■ **What you will do**: Pictures are to be left out, and only the lines below starting at the one with "Wählen Sie in" and ending at the one with "Day of oh the" are to be reproduced, each exactly, both ends included.
[Exercise data — start]
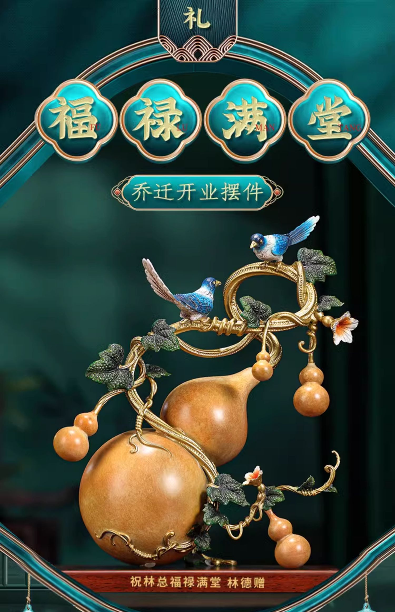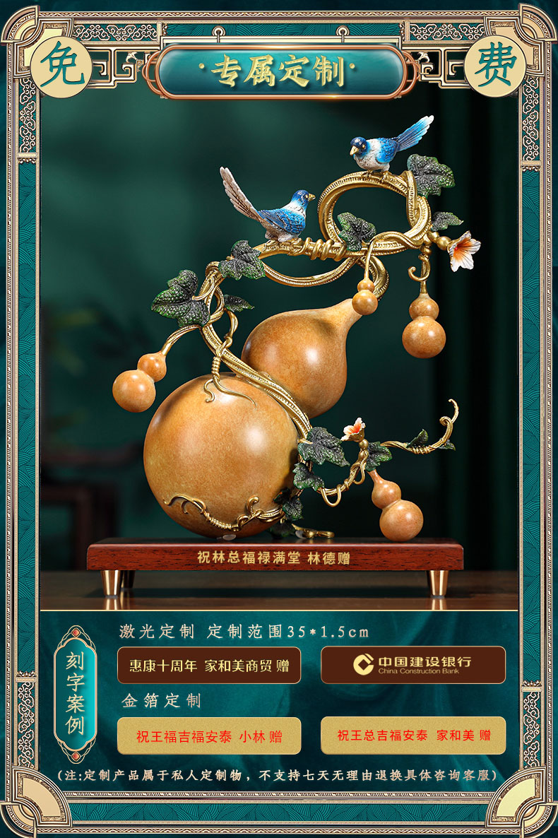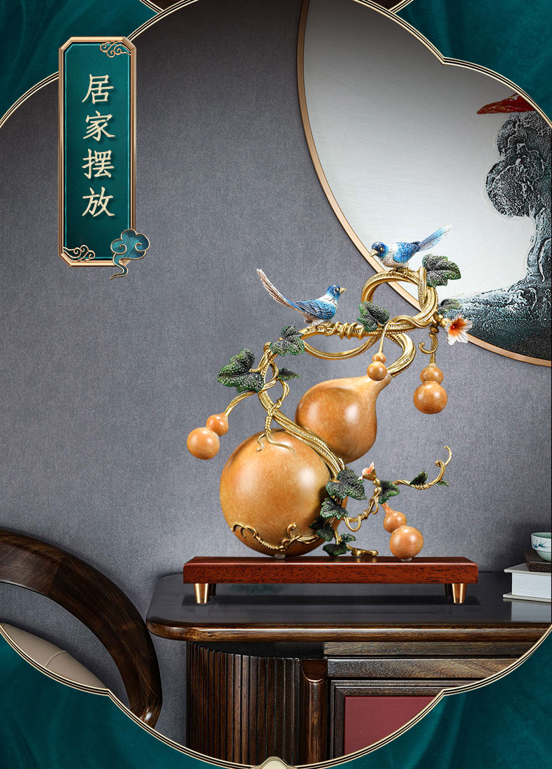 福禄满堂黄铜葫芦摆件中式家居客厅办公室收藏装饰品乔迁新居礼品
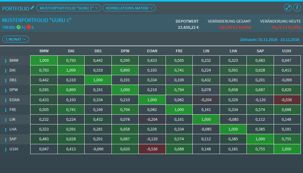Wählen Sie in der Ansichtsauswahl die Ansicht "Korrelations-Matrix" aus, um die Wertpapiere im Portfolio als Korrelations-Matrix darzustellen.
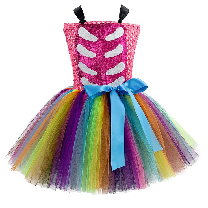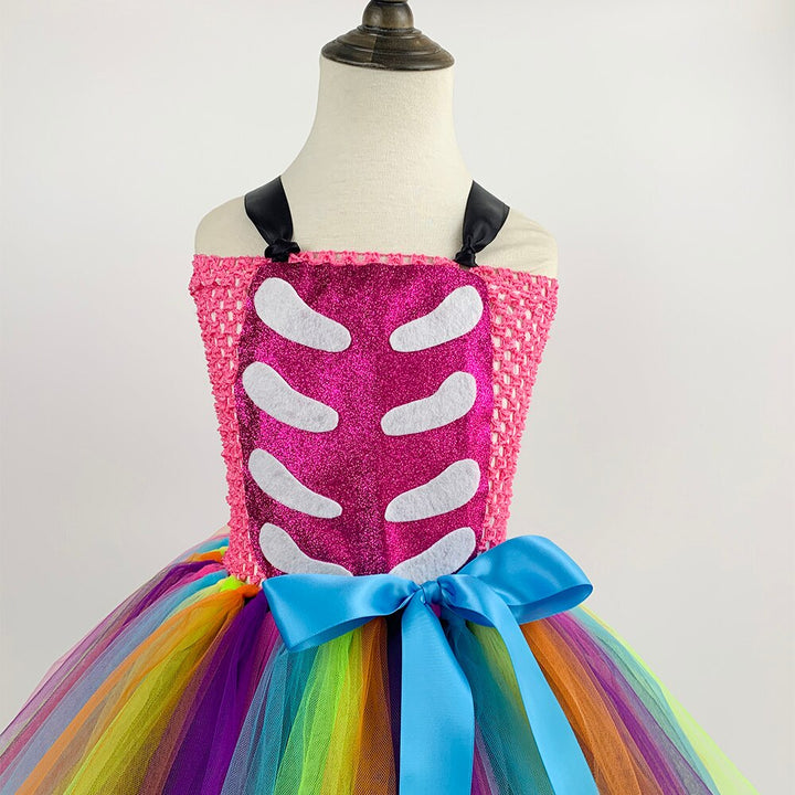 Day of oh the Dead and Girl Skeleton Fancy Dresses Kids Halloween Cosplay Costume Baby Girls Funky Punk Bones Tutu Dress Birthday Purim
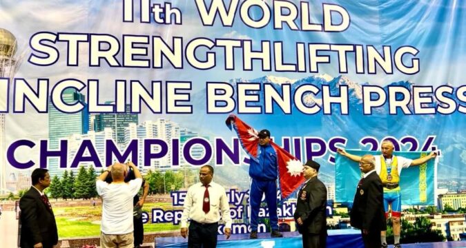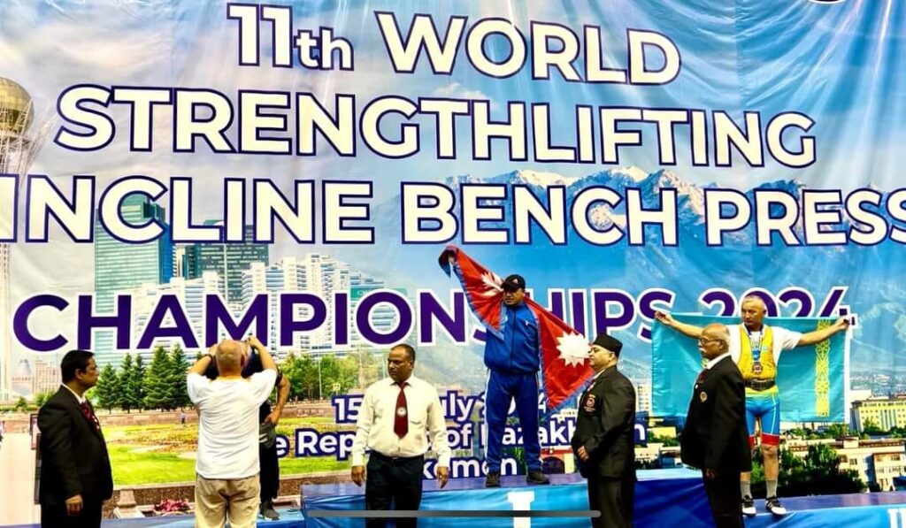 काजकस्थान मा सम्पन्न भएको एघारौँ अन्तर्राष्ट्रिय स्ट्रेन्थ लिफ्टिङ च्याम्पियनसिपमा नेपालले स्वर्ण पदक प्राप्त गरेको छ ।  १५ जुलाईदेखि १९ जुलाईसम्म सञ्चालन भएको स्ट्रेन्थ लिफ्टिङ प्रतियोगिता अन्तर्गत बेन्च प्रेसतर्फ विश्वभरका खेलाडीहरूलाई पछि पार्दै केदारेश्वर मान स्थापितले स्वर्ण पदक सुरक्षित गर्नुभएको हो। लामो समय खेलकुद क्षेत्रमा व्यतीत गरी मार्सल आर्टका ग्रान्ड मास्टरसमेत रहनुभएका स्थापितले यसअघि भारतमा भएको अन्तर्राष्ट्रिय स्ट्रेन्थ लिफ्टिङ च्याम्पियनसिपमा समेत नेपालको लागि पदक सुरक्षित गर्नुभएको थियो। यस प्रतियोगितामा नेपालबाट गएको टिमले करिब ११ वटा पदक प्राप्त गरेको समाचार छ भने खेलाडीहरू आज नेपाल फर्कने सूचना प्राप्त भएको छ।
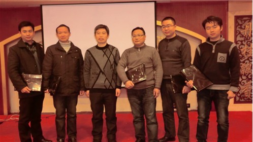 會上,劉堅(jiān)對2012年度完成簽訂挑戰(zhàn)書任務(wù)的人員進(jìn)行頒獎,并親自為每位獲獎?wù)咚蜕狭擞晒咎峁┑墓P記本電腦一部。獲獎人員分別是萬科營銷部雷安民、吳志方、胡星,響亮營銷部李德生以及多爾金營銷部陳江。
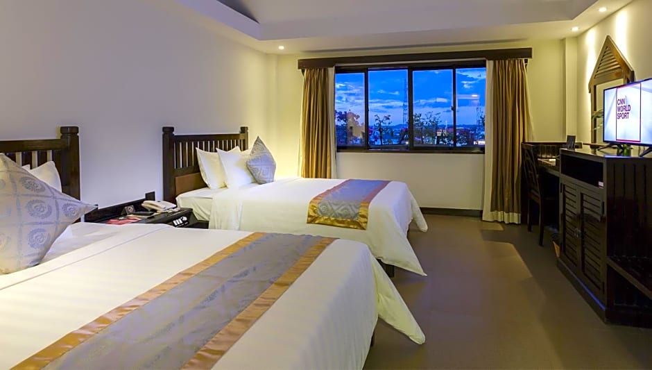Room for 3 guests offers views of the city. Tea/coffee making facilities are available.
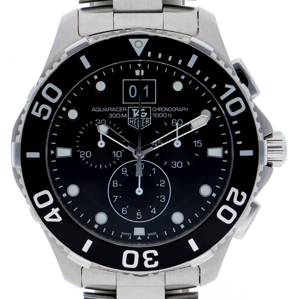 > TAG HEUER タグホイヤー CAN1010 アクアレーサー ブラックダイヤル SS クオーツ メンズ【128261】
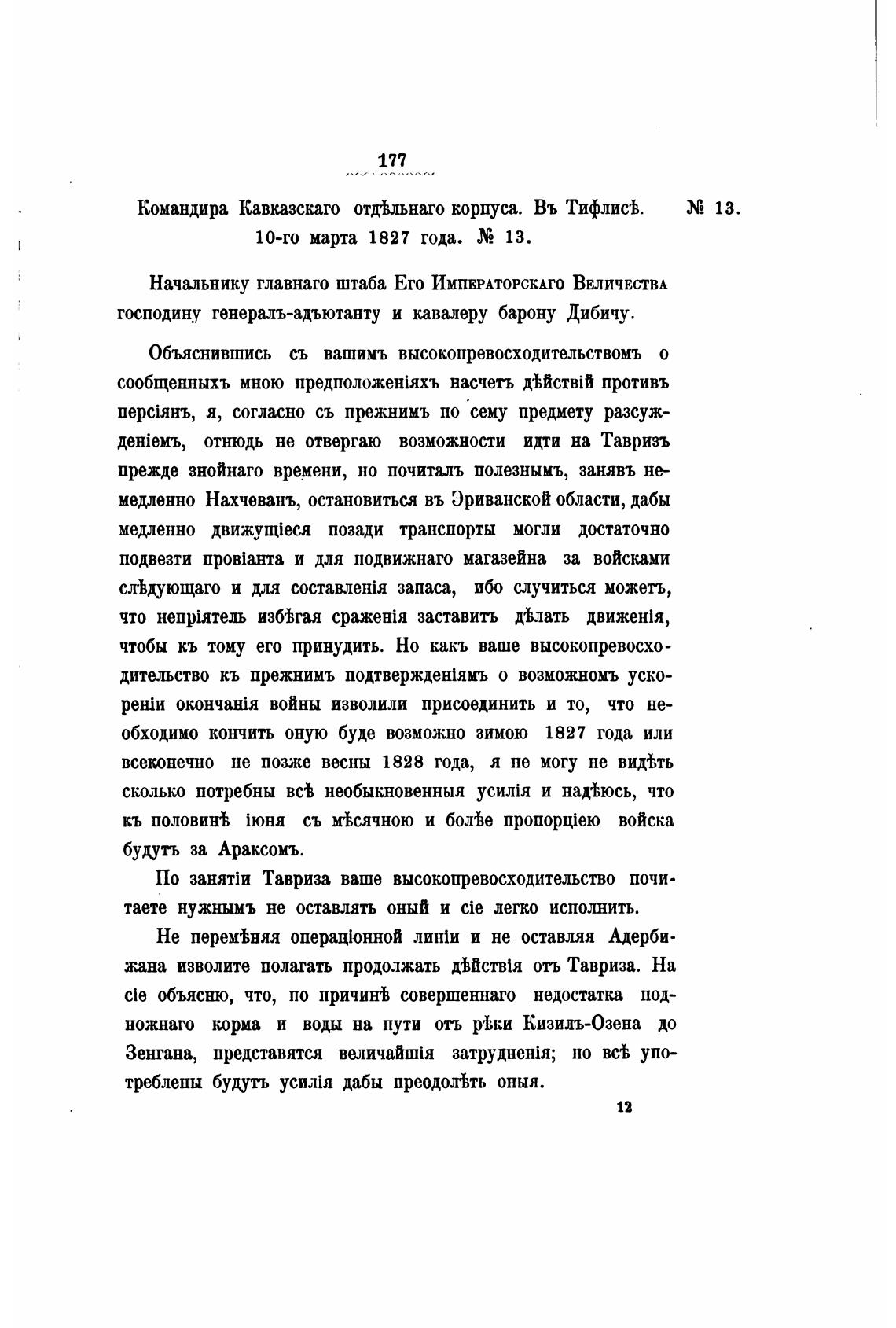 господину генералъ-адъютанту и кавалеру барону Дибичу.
[Exercise data — finish]
■ **Solution for this problem**:
Wählen Sie in der Ansichtsauswahl die Ansicht "Korrelations-Matrix" aus, um die Wertpapiere im Portfolio als Korrelations-Matrix darzustellen.
 Day of oh the Dead and Girl Skeleton Fancy Dresses Kids Halloween Cosplay Costume Baby Girls Funky Punk Bones Tutu Dress Birthday Purim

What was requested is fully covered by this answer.